[[ SOURCE MATERIAL, beginning ]]

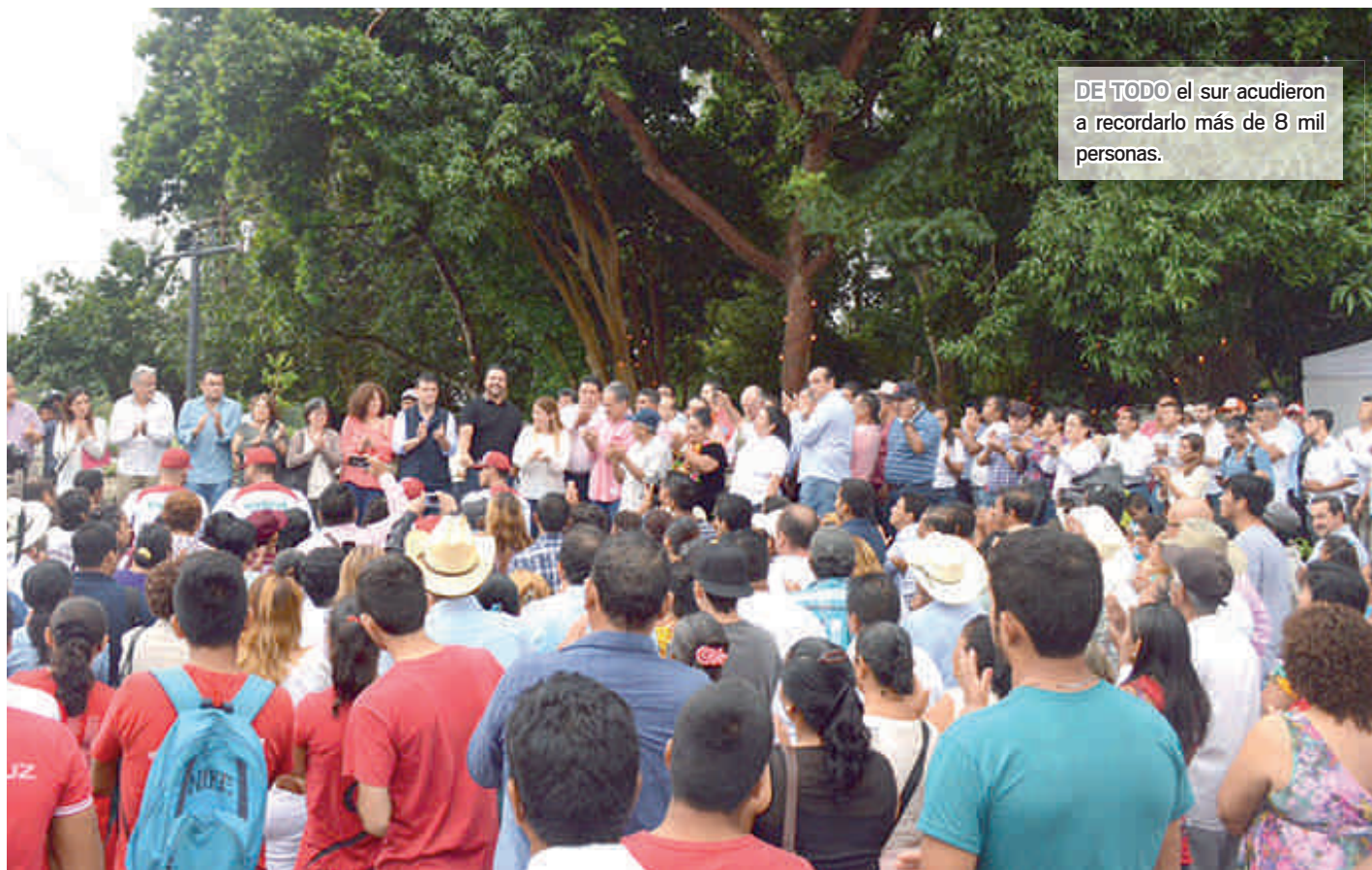
DE TODO el sur acudieron a recordarlo más de 8 mil personas.
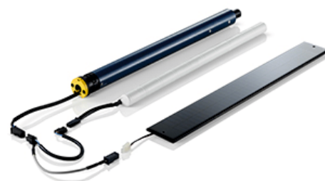
Somfy Oximo Wirefree
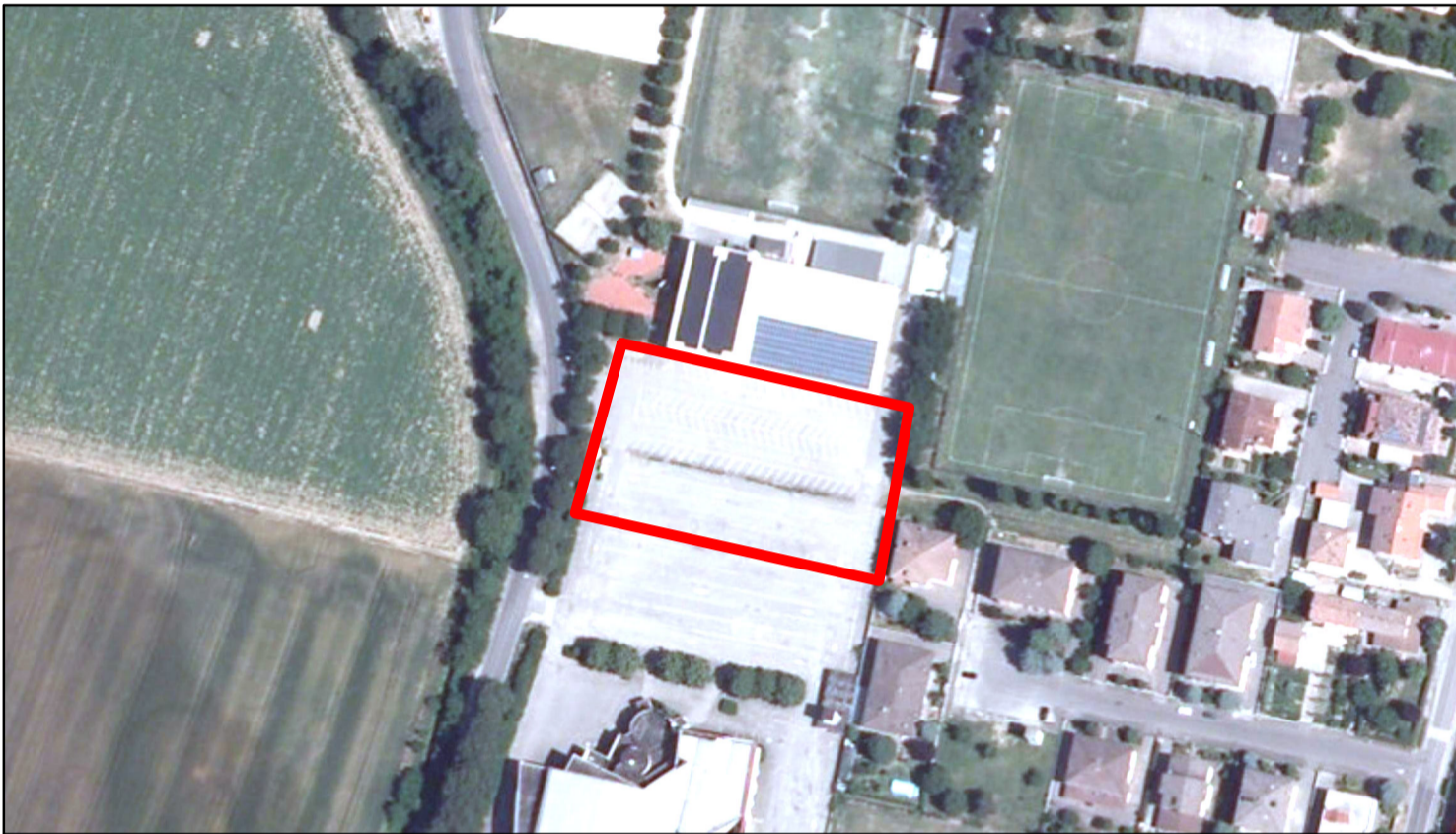
estratto ortofoto - Agea 2011 sc. 1:2000

[[ SOURCE MATERIAL, end ]]

» **EXERCISE OBJECTIVE**
Restate all the material verbatim; omit every picture.

» **ANSWER TO THIS EXERCISE**
DE TODO el sur acudieron a recordarlo más de 8 mil personas.
Somfy Oximo Wirefree
estratto ortofoto - Agea 2011 sc. 1:2000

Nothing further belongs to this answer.